The BRS Labs software can establish a baseline in anywhere from 30 minutes to several hours, depending on how much activity the camera recognizes and how regular the patterns of behavior are. "If you're monitoring a busy highway, where traffic comes and goes frequently on a regular basis, [the software] learns very quickly," Frazzini says. "If you're monitoring an outdoor fence line when the camera sees only three or four actions all day, it will take longer."

Once the software is operational, it can "recognize" up to 300 objects and establish a baseline of activity. If the camera is in a wooded area where few humans ever go, it will alert officers when it registers a human on the screen. If it is monitoring a high fence line, it will send an alert when someone jumps the fence.

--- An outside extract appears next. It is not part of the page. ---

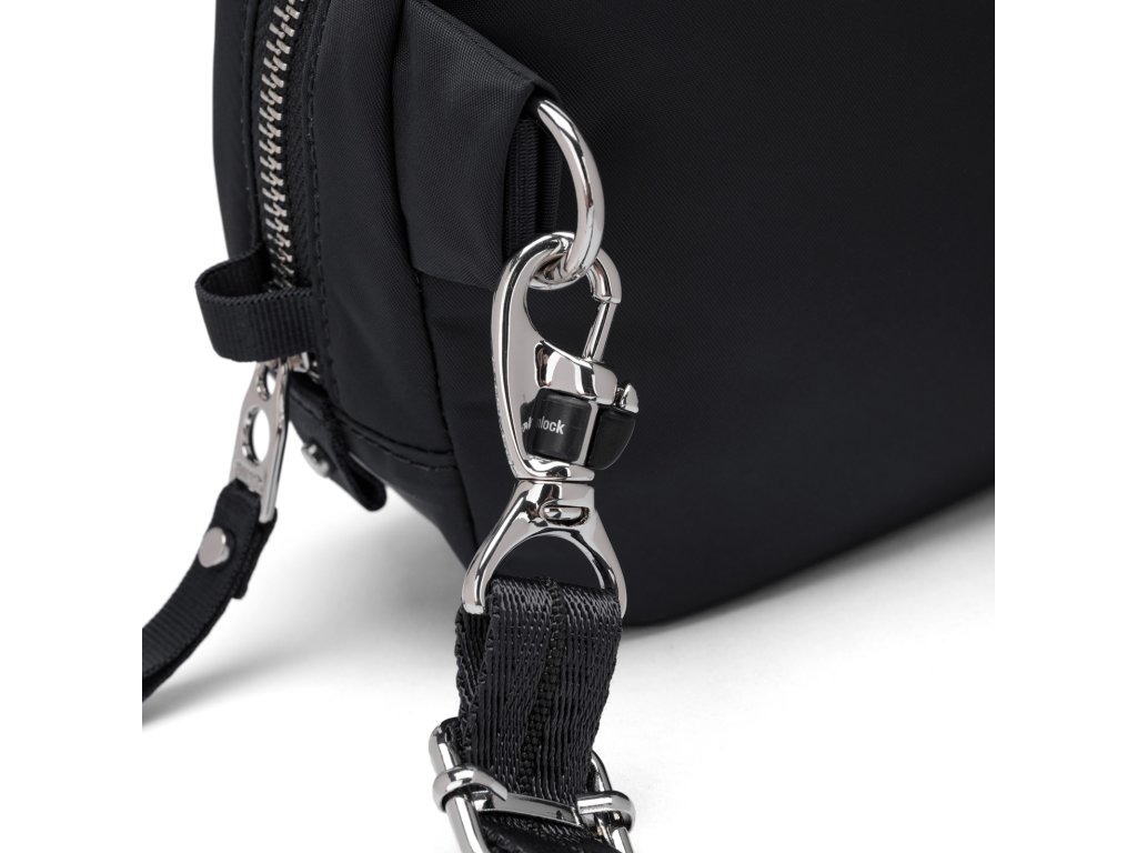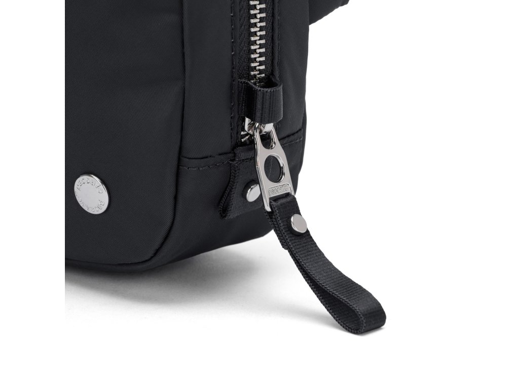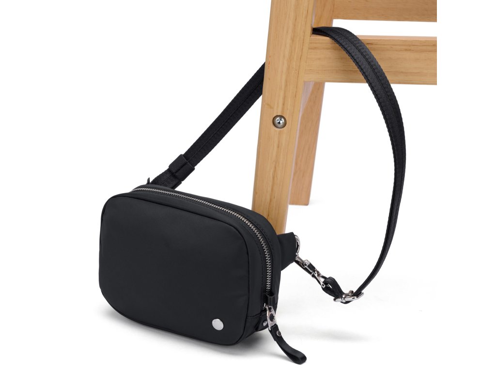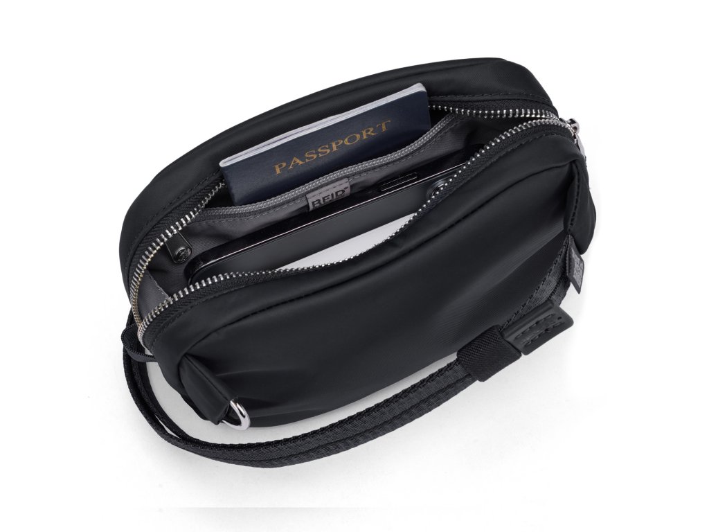 Malá, ale šikovná. Pacsafe W Micro Sling zvládne všechno, co potřebuješ mít po ruce, aniž by tě zbytečně zatížila. Telefon, makeup, kapesníky, AirPody – vše přehledně a bezpečně v jedné kompaktní tašce. Zip Tab zajistí, že obsah zůstane tam, kde má být. I přes svůj malý rozměr nabízí vnitřní organizaci: dvě zipované kapsy uvnitř. Jedna z nich má RFID ochranu, takže pas a karty jsou chráněné, druhá slouží na drobnosti, které chceš mít rychle po ruce. Nechybí ani poutko na klíče nebo peněženku. Bezpečnost je samozřejmostí: Carrysafe® popruh s ocelovým lankem Dyneema® odolá proříznutí, integrovaná síť eXomesh® chrání tělo tašky, Zip Tab drží obsah uvnitř, materiál i kapsy blokují RFID. Vyrobeno z recyklovaného PET materiálu s vodoodpudivou úpravou – lehké, odolné a šetrné k planetě.

"The great thing about it is that you don't need a human to monitor the camera at all," Frazzini says. "The system can recognize the behavior on its own."

Because there are so many possible images that might cross in front of the camera, the BRS Labs technology will likely create a fair number of false positives, Frazzini concedes. "We think a three-to-one ratio of alerts to actual events is what the market will accept," he says. "We could be wrong."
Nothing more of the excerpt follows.